Долго тянется караульная ночь — так и деды стояли на пикетах.
Шумит речка Березовка. Не скоро поворачивается Батыева дорога в кебе. До смены далеко.
Утро председателя начинается встречей с конем. Путь им обоим ведом а коммуну. В горы. В прекрасное одиночество трав и ветра. По дорогам Лермонтова, под «Казачью колыбельную» которого матери по-прежнему баюкали детей. И конь, и всадник лечились тут — конь травой от зимней бескормицы, всадник светом и синью от станичных дел.
Из-за изумрудного кряжа Кабан-горы растекается озеро света. Солнце еще за горами. Внизу плывут и клубятся туманы. В ущельях прохлада, журчанье быстрых речушек, сторожевые горы в росах и цветах, крутые, как башни, скалы, за ними синева дальних вершин, над которыми высятся вечной прелестью остро белые пики снежного хребта, и кажется, рядом, можно потрогать ладонью, проскакав полверсты, гигантский Эльбрус, Грива Снега, Шат-гора, корона Европы.
Прасковья Харитоновна бежала, задыхаясь, к дому старшего сына.
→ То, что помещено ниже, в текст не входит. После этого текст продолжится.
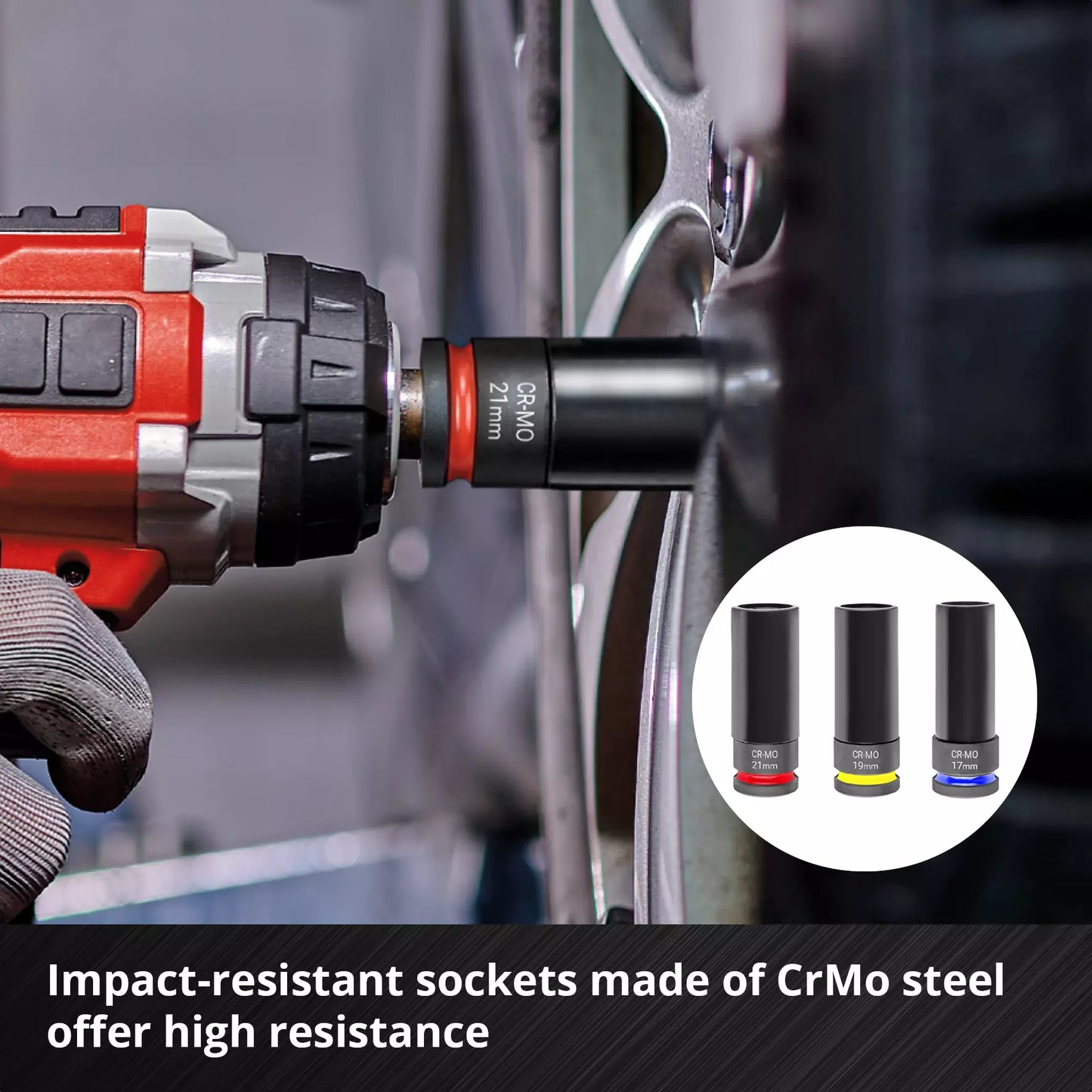 - Inbegrepen maten: 17 mm, 19 mm en 21 mm.

В руках то ли уздечка, то ли шлея с железными бляхами.
Михей во дворе окапывал яблоньку, посаженную в день своей свадьбы.
— Когда я отмучаюсь от вас, ироды? — с калитки закричала мать. Олухи царя небесного, никак не дождетесь, когда закопаете! Ну теперь уже недолго ждать! — и налетела на сына с ремнем. — Еще чего не хватало! На всю станицу ославил — теперь ни на базар, ни в церкву не пойди! Мужичье семя! — и продолжала хлестать председателя стансовета.
Наконец Михей утихомирил мать и расспросил, в чем же все-таки дело? Оказалось, Маланья Золотиха (Луниха, но звали ее по отцу) зашла к Ульяне Есауловой за арбузными семенами — «да так и сомлела»:
— Стоит, милые вы мои, Михей-то Васильевич, грозный наш атаман, и постелю прибирает, а Улька перед зеркалом с утра морду наводит румянами!
Этот позор — казак убирает постель — достиг Прасковьи Харитоновны. Едва на ногах устояла. Удушиться — и конец.
— Ну, думаю, я ж тебя, подлеца, выучу! Я тебя сделаю казаком! Или не помнишь — «сам наутро бабой стал»?
Долго смеялся Михей, утирая слезы, и погостил мать сливянкой своей выделки и отборным медком. И домой нагрузил ее разными припасами, так что назад Прасковья Харитоновна шла не спеша, а шлею или уздечку в мешок спрятала.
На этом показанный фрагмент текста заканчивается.